Given the material below, output exactly the lines from the line with "- Telescoping rod" to the line with "실 : 모델망고 핫핑크색", both ends included, and no other lines.

_Source material:_
◆ ◆ ◆ ◆

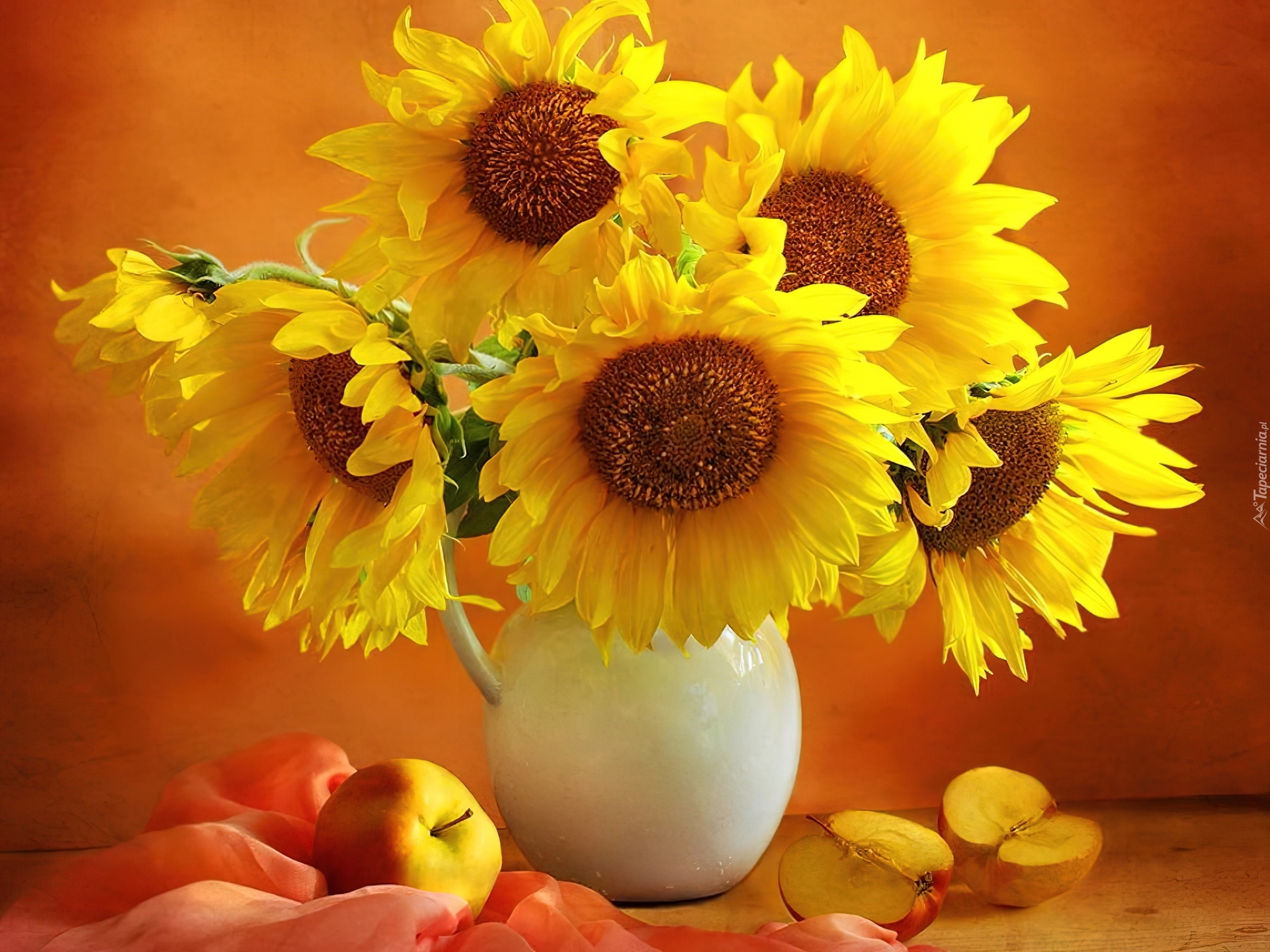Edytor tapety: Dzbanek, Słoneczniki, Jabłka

◆ ◆ ◆ ◆

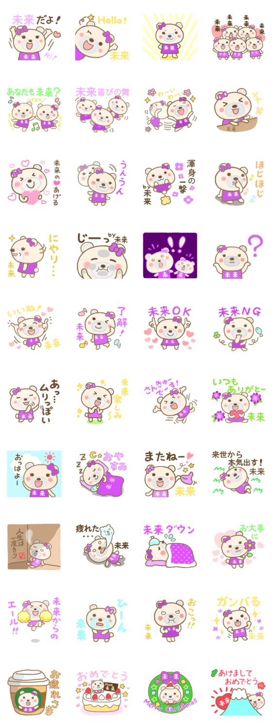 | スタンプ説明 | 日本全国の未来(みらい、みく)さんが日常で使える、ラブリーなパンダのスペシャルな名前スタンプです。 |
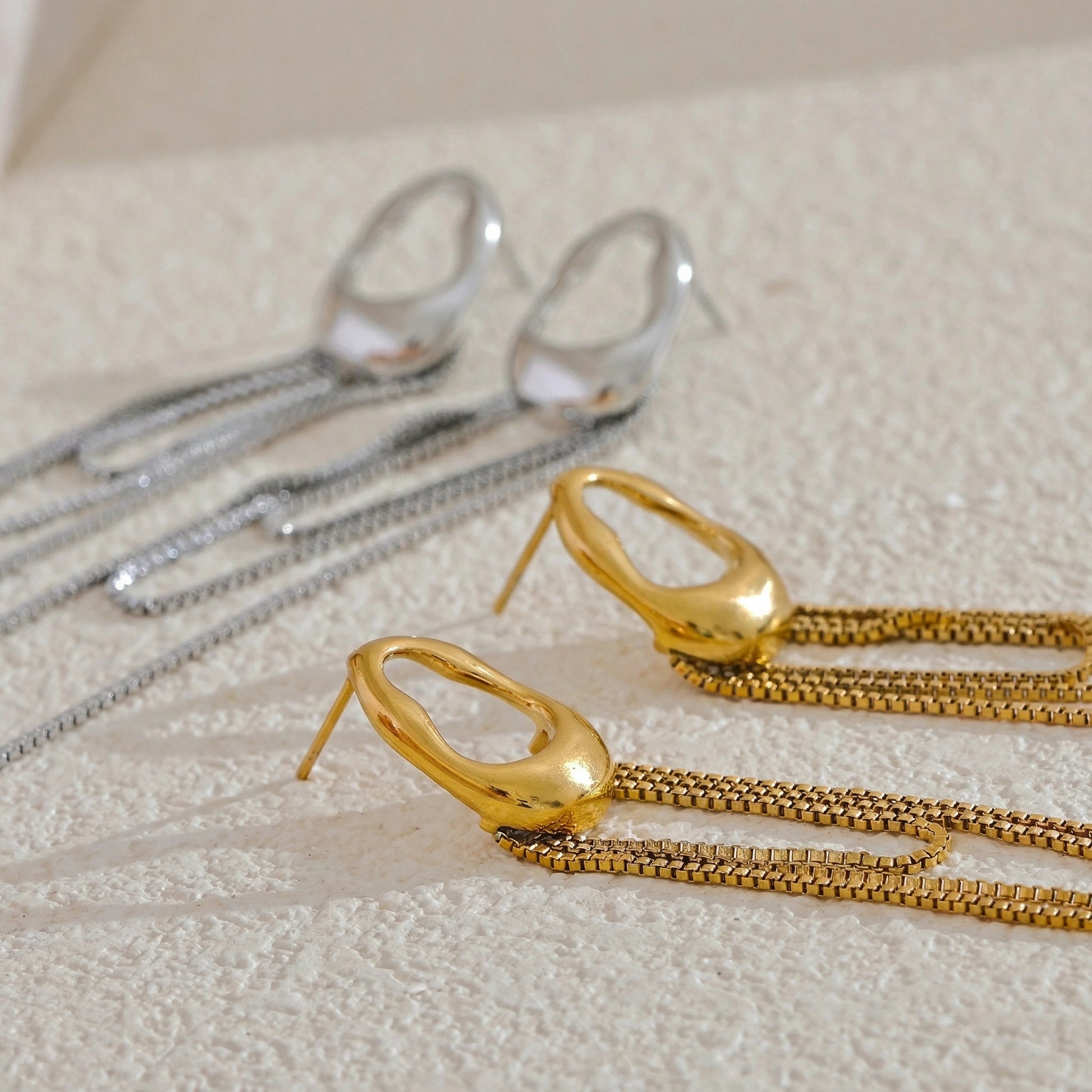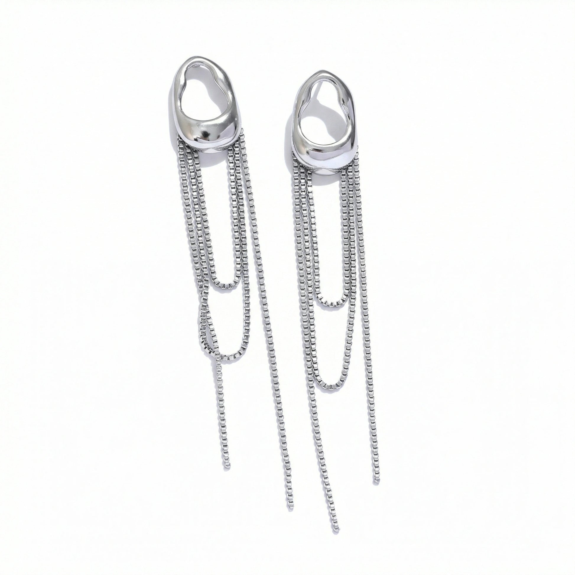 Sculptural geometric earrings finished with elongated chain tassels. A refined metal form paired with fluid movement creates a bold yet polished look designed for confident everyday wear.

◆ ◆ ◆ ◆

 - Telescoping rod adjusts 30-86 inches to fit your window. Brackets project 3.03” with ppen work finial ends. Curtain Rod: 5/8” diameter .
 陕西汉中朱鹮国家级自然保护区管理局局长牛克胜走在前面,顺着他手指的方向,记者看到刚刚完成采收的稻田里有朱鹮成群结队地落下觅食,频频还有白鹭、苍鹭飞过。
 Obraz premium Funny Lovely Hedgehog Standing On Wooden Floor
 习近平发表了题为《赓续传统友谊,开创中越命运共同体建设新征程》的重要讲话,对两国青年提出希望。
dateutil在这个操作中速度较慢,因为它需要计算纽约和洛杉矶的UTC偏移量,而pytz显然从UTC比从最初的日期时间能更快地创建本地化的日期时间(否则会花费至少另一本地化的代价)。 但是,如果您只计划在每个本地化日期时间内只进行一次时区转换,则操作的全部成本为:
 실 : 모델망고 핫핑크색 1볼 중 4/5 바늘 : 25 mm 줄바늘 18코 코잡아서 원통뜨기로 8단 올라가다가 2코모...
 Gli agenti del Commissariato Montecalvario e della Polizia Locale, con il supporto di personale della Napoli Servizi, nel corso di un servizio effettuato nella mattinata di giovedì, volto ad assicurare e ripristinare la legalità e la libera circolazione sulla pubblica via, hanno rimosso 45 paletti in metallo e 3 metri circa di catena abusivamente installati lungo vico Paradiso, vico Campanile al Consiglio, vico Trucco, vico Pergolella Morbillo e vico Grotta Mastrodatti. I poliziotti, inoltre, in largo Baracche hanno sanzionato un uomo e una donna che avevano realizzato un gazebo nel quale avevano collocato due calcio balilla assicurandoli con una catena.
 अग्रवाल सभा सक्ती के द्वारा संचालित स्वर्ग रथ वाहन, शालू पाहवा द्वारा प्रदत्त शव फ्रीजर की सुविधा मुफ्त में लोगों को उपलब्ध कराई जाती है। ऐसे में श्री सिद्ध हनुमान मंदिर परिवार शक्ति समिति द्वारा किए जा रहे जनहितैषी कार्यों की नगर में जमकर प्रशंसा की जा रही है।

◆ ◆ ◆ ◆

_Exercise answer:_
 - Telescoping rod adjusts 30-86 inches to fit your window. Brackets project 3.03” with ppen work finial ends. Curtain Rod: 5/8” diameter .
 陕西汉中朱鹮国家级自然保护区管理局局长牛克胜走在前面,顺着他手指的方向,记者看到刚刚完成采收的稻田里有朱鹮成群结队地落下觅食,频频还有白鹭、苍鹭飞过。
 Obraz premium Funny Lovely Hedgehog Standing On Wooden Floor
 习近平发表了题为《赓续传统友谊,开创中越命运共同体建设新征程》的重要讲话,对两国青年提出希望。
dateutil在这个操作中速度较慢,因为它需要计算纽约和洛杉矶的UTC偏移量,而pytz显然从UTC比从最初的日期时间能更快地创建本地化的日期时间(否则会花费至少另一本地化的代价)。 但是,如果您只计划在每个本地化日期时间内只进行一次时区转换,则操作的全部成本为:
 실 : 모델망고 핫핑크색 1볼 중 4/5 바늘 : 25 mm 줄바늘 18코 코잡아서 원통뜨기로 8단 올라가다가 2코모...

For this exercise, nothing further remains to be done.